Milton Friedman - Too Many Millionaires?

Milton Friedman outwits a lady who thinks there are too many millionaires. The same argument is being fronted today by the Occupy Anything But a Bar of Soap crowd envious of other peoples success. From a 1979 Donahue Show.

Source: Lew Waters YouTube channel.

Transcript:

Question from a spectator in audience:

Why is it we have so many millionaires in the United States and we still have so many impoverished people who try to get up into the world? Why is it we have this lack of money where people who can’t support themselves decently and get a decent job, where all these big men are all on top making oodles and oodles of money? They don’t need it. They can only eat that much.

Milton Friedman:

And what do you suppose they do? If they don't eat it and don't use it, what do you suppose they do with it?

Answer from the spectator in audience:
They hoard it.

Milton Friedman:

What do you mean they hoard it? You mean they put it under their pillows?

Answer from the spectator in audience:

That's right. No. They keep investing it.

Milton Friedman:

Investing it and why?

Answer from the spectator in audience:

That's right. Yea.

Milton Friedman:

What are they invested in?

Answer from the spectator in audience:

Well, in oil and everything. I mean, where all these other people …

Milton Friedman:

What are they invested in? And don't get off the subject. What are they invested in?

Answer from the spectator in audience:

Well, they invest it in a lot of different things that little people need.

Milton Friedman:

Well, do they invest it in factories?

Answer from the spectator in audience:

Yes.

Milton Friedman:

Does some of that money end up in machines?

Answer from the spectator in audience:

Yes.

Milton Friedman:

Do those factories and machines provide ordinary working people with jobs or not? What do you suppose a productivity of this country would be and the wage rate would be if the total amount of capital in this country today was what it was a hundred years ago? Where do you suppose the improvements in productivity come from except from the investment by people of their savings?

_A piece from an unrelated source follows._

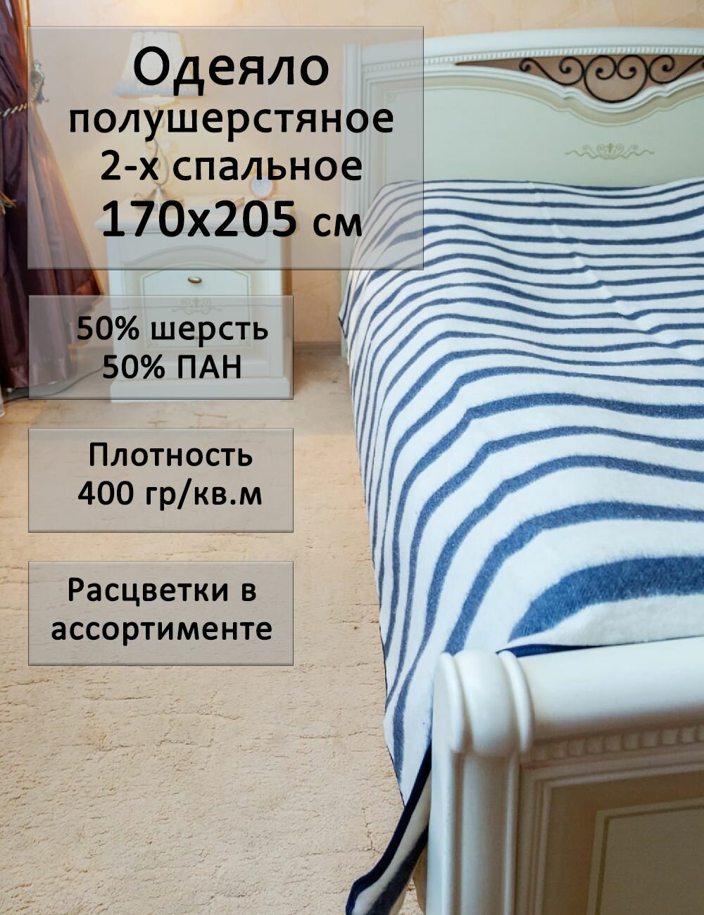 Одеяло двуспальное шерстяное 170х205 см интересное:

But let me go to your fundamental question. First place, nirvana is not for this world. There is no paradise. Of course we've got a lot of people who are poorly off. But if you look at it over time, if you get a sense of proportion, the well being of the ordinary people has been the main thing that has been improved by economic progress and economic growth and development. Most residual hard cases of poverty today are the result, again, of a failure of government. Why do we have a black teenage unemployment rate in 30 to 40 percent? Because of two failures of government. One, a failure to provide decent schooling, which is a governmental responsibility. Has been. Whether it should be or not, it has been. And second, because of the minimum wage rate. Which prevents those kids who haven't had decent schooling from getting jobs at low pay at which they can the skills on the job that would enable them to rise to higher pay. If you look into the sources of poverty, you will find that most of them are derived from what I regard as wrong headed government policies.